Now I think the last issue to this display is that the scaling of the symbols is set for the little RWR in the panel and is too small to be rendered correctly when the RWR is exported. I think the rendering is done with this function from the RWR_ALR67_Common_definitions.lua file

function AddSpecialSymbols(name, file, number, stt_y, aaa_y, sam_y, ewarn_x)

 

So does anyone know if scaling values are set in this function and if so how they work?

 

Im going to cross post this in another thread on this but wanted to place it up front for attention as a new thread.

 

Thanks!!

[derammo]

Hey, nice work!

 

I'm a Helios developer, and our users pretty much always have to export the RWR (so it will match up with the extra cockpit panels views.) It is a known problem that the rendering math is somehow different for some exported views, resulting in the extremely fuzzy blobs on the exported RWR. It's like someone forgot to push some multiplier in that path or something :)

 

People usually just dial down the stroke width and fuzziness parameters for the RWR, which then in turn destroys the RWR shown in the game itself. It seems there are some overall multipliers that are applied to these values in one path but not the other. So if you make them work well in the export, the in-game goes to hell.

 

Since you have gone deeper than I have on the RWR, I wonder if you have found any way to use different rendering parameters for in-cockpit and exported views. If we could decouple these, we could do a lot better job exporting views and also having decent in-game views at the same time.

 

I enjoyed reading your mods and learned some stuff I might be able to use in the future.

 

Cheers!

[himilou]

Thanks. Good to meet you!

First off let me say that Helios looks pretty great! I have not yet played with it but I have spent some time looking at the captzeen website and the work that has been done on that looks pretty cool. Im headed in a similar but simpler direction, just looking at instrument functionality vs the high quality visual effect that you get with Helios.

 

This is really my first time down the rabbit hole with LUA so Im pretty unclear on variables are available, and the scope in which they exist.

 

That being said I think the answer would depend on exactly how helios is working. Is the monitor that Helios being displayed on under the control of DCS or is it a full helios implimentation?

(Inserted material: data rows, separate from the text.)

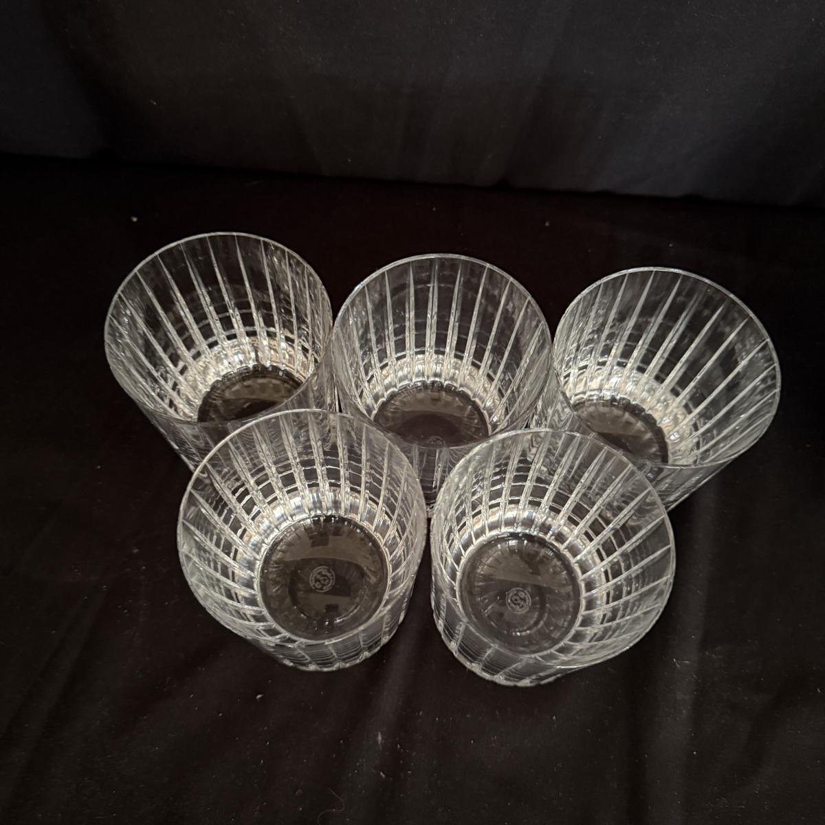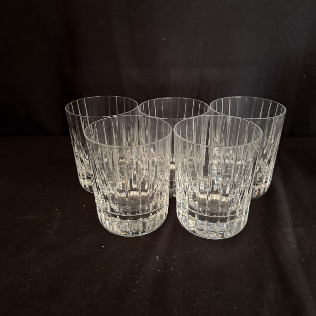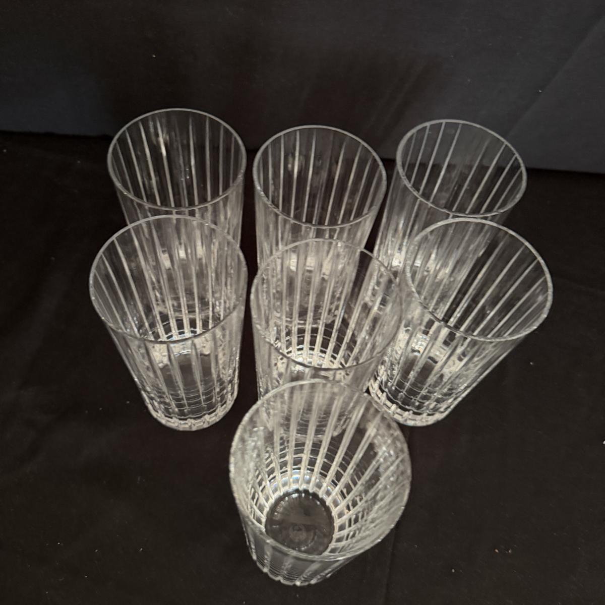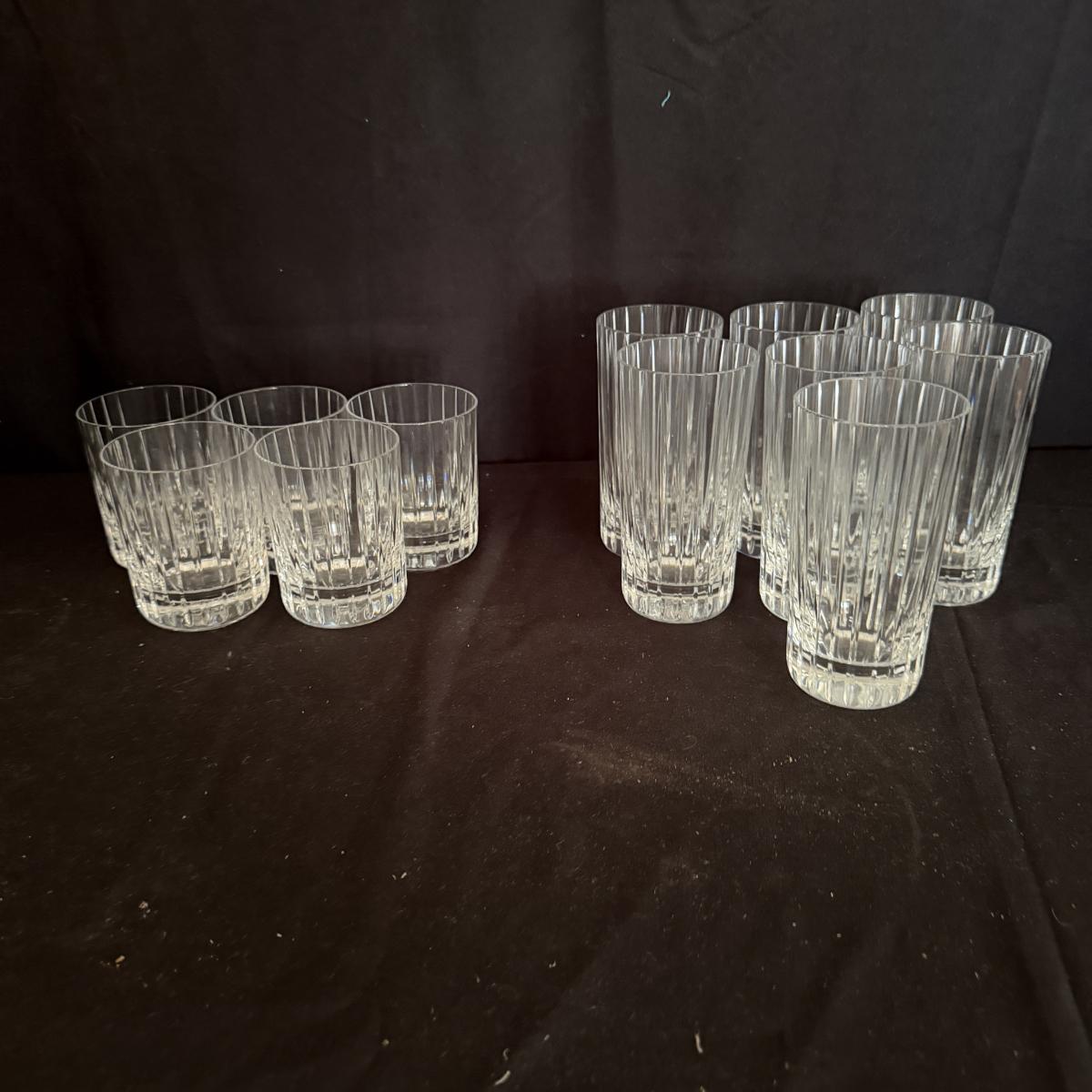 Lot includes five Baccarat high ball glasses and seven Baccarat tumblers. Both are in the Harmonies design. Tumblers measure 2.75”D x 5.5”H.
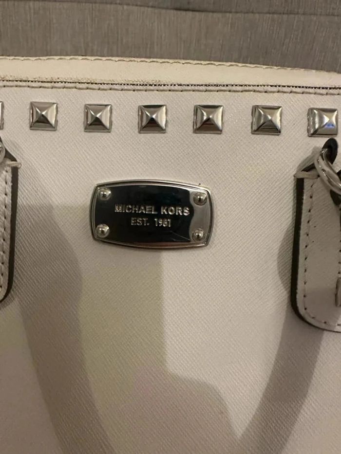 Il a été utilisé plusieurs fois. Quelques imperfections (voir les photos) tâches jaunâtres, le cuir un peu abimé sur le poignet (voir les photos) #sacmichaelkors #sacmichaelkorsauthentique #michaelkors #michaelkorssacbandouliere #sacàbandoulièrefemme
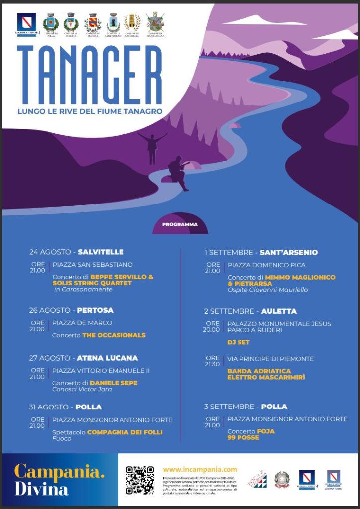 TANAGER è un itinerario tematico che esalta tutte le bellezze naturali e storico-culturali presenti nel territorio di riferimento e la sua promozione. I luoghi corrispondono ai territori comunali degli enti promotori: i Comuni di POLLA – capofila-, ATENA LUCANA, AULETTA, PERTOSA, SALVITELLE e SANT’ARSENIO. Il minimo comune denominatore è rappresentato dal patrimonio culturale e naturalistico proprio delle civiltà sviluppatesi lungo il fiume Tanagro. Anche quest’anno gli eventi live la faranno da padrone: un ricco calendario che attinge dalla scena folk, jazz e pop, del panorama musica italiano.
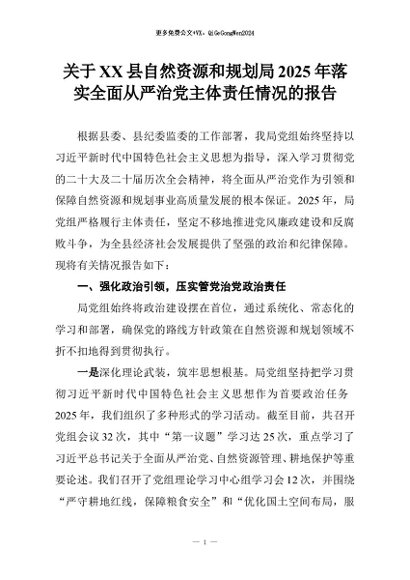【七哥公文】2025年:关于XX县自然资源和规划局2025年落实全面从严治党主体责任情况的报告+更多免费公文+VX:QiGeGongWen2024
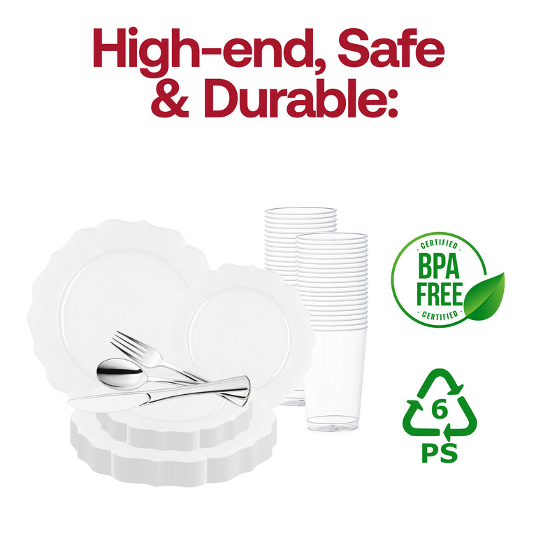 - Service for 120: 120 Dinner plates, 120 salad plates, 120 forks, 120 spoons, 120 knives and 120 12 oz. Tumblers
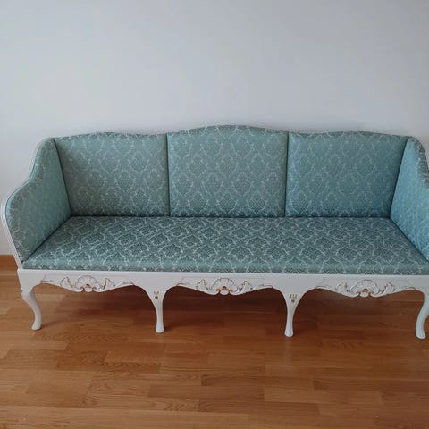 Antiikkinen kolmen istuttava samettisohva, jossa on tummanruskea samettiverhoilu ja koristeellinen puukehys. Sohvassa on kaareva selkänoja ja yksityiskohtaiset puukaiverrukset. Sohvan jalat ovat veistettyä puuta. Sopii olohuoneeseen tai tilaan, jossa arvostetaan klassista sisustustyyliä. Vain nouto.
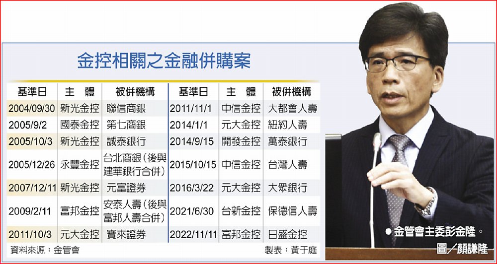彭金隆指出,金控法本就設計有整併相關機制,金控經主管機關許可者,可與另一金控整併,任何金融機構有都有入場、退場的規定,會尊重市場機制,但因金控規模大,合併不僅牽涉到市場競爭與安定,也需公平會同意等,在還沒有收到正式申請文件前,金管會不能評論。
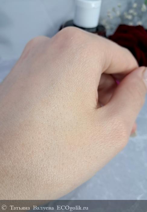 Флюид хорошо впитывается в кожу и оставляет приятное ощущение гладкости и увлажнённости. Он не оставляет жирной пленки, что позволяет использовать его как основу под макияж или самостоятельное средство ухода.
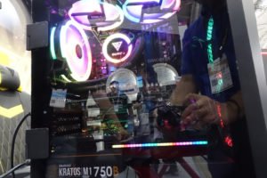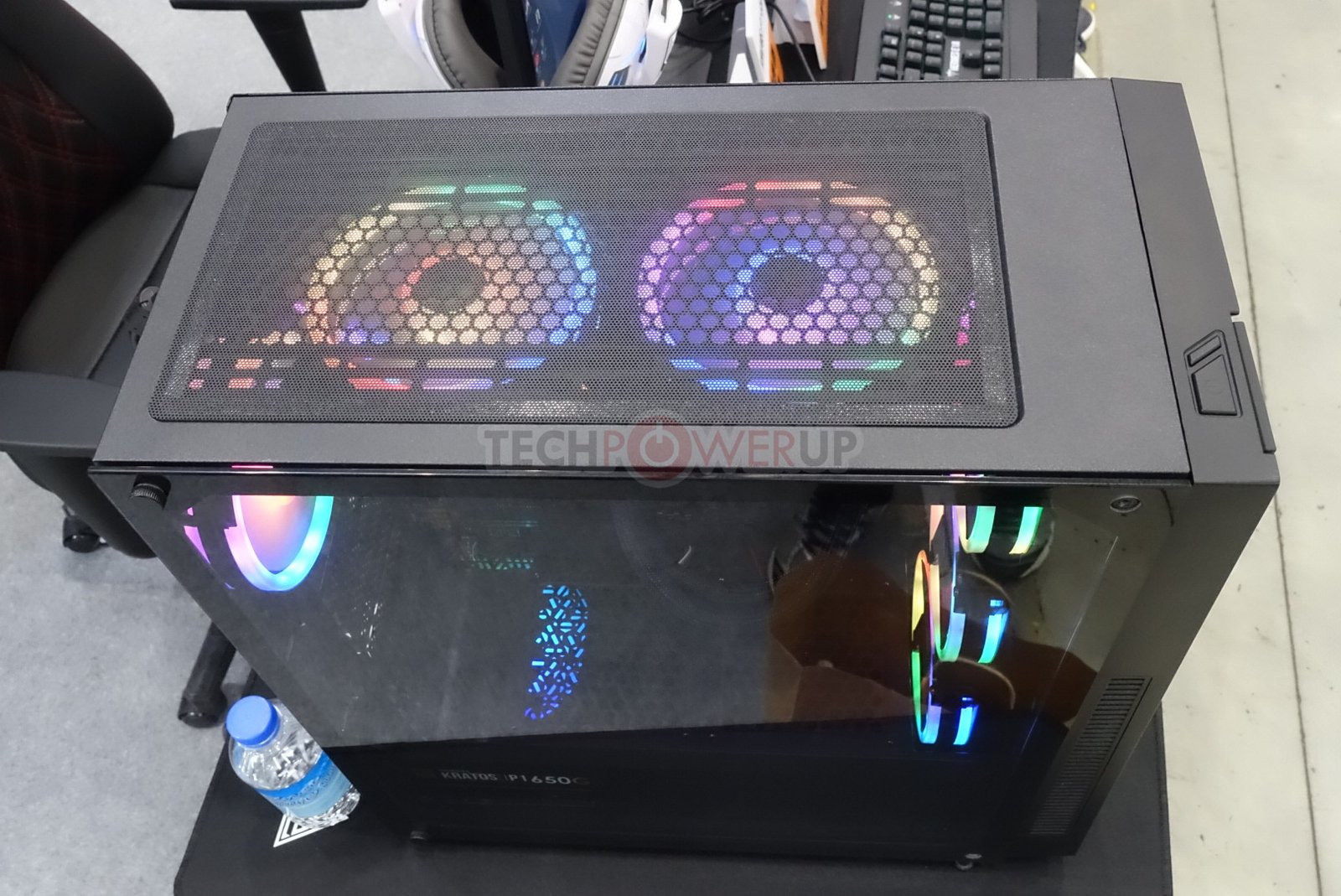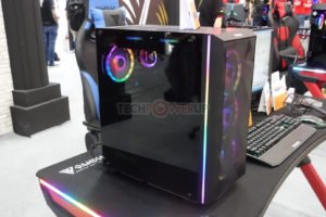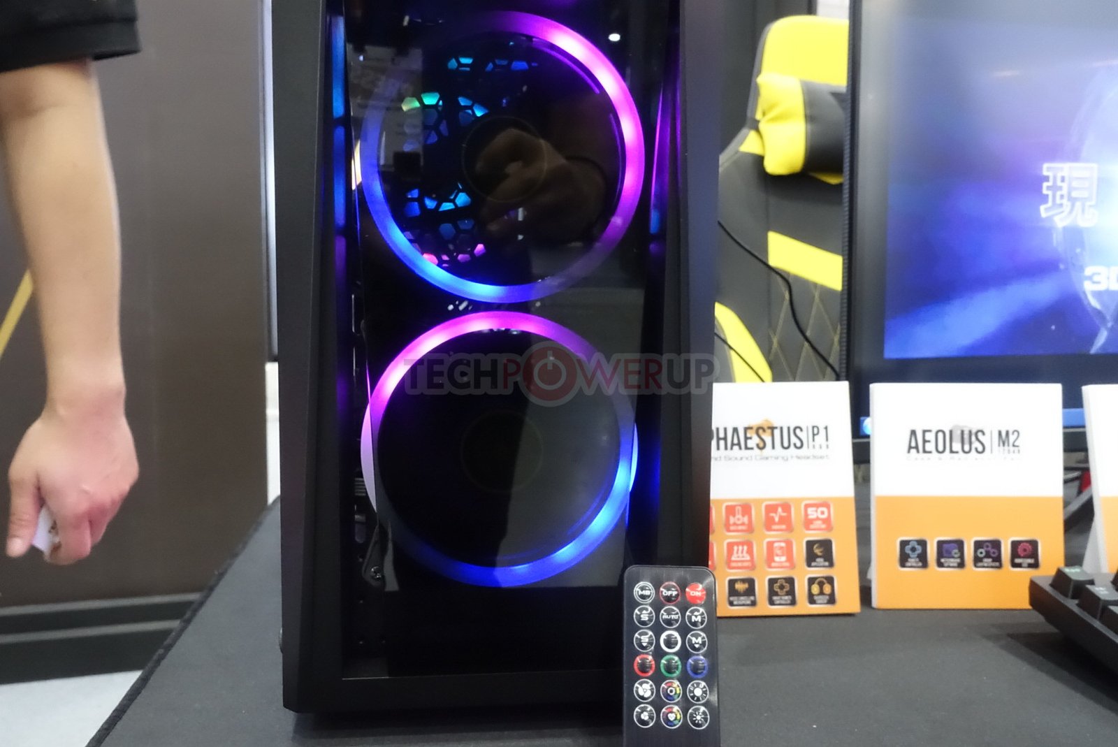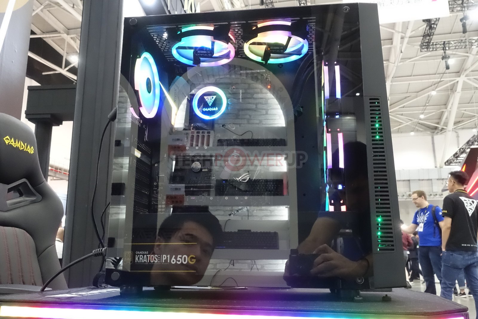 Gamdias también trajo un montón de gabientes a Computex este año, incluyendo algunos diseños nuevos, como el ATHENA M2 y el ARGUS M1. Comenzando con el ARGUS M1, presenta un diseño externo más elegante y tenue que, aunque está equipado con iluminación RGB, está decorado con buen gusto con un acento frontal semi-L. También tiene puertos USB iluminados, lo que era una buena característica de novedad. Cuando se trata de enfriar, el panel frontal tiene orificios de ventilación laterales, pero debe tenerse en cuenta que no se extienden completamente, lo que limita la posible entrada de aire. Dicho esto, un radiador de 360 mm encajará fácilmente en el frente.
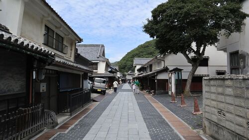 【たけはら町並み保存地区】 たけはら町並み保存地区を散策、歴史的建築物などを見学しながら中間点位まで来ました。昔ながらの伝統的木造建築の屋敷が立ち並ぶ通りは、塩田と町人文化の隆盛が生んだ歴史の風情が漂っていました。ちなみに竹原市は「北前船寄…

If its under the control of DCS AND Helios basically sets the script changes then you could experiment down the line of what try_find_assigned_viewport does in ViewportHandling.lua

 

local heliosviewport = find_viewport(A_Helios_Defined_RWR_viewport) 
if heliosviewport then

   if heliosviewport.x == ( A_SCREENWIDTH_THAT_IS_DIFFERENT)
       LUAglobalvalueHelios = true

 

and then wrap the rendering code of RWR inside an if then statement. This approach does not fix the actual cockpit RWR though, just gives you more control on the rendering on a different monitor.

 

Now for a completely off base question that you might know the answer to.

 

Does DCS recognize additional monitors \ displayports that windows would consider to be in the detached state? You probably would have run into this in the form of a bug where you thought that helios was on screen n but that output display did not function but setting the output for helios to n+1 or n-1 fixed the issue.

 

Cheers,

[derammo]

Helios actually doesn't do anything magical with the viewports. We render the controls ourselves separately (all the switches and gauges, etc.) and then we overlay that separate application over the exported viewports (MFDs, RWR, etc.) that are just like the ones you use. So we are really just using the external viewports in a very vanilla way. So that's why I was asking if, in your normal use of external viewports, you have ever been able to set different rendering options (stroke widths, fuzziness, etc) for external viewports while simultaneously rendering the in-game ones unmodified.

 

About your off base :) question:

 

DCS just opens a window and draws it with DirectX. It positions this window a little bit cleverly, but basically it is just a super simple application in terms of how it uses the desktop. All the coordinates in the monitor setup are relative to this window.

 

I have never seen it do anything weird regarding disconnected displays. I have multiple graphics cards and many monitors, and a virtual monitor dongle (an HDMI dongle that pretends to be a display) and I have used any combination of them for various tests. During those tests, I frequently have connected, disconnected, and connected but disabled displays. I have never seen anything weird.

 

Helios is just a Windows application drawing some frameless windows. It doesn't do anything weird with displays either.

[himilou]

Hey,

 

Well I've only been flying DCS for about a month now, I've owned it for about 3 but spent 2 of those messing around with building my own headtracker before I threw in the towel and bought TrackIr ( glad I did or I would probably not be here now, lol )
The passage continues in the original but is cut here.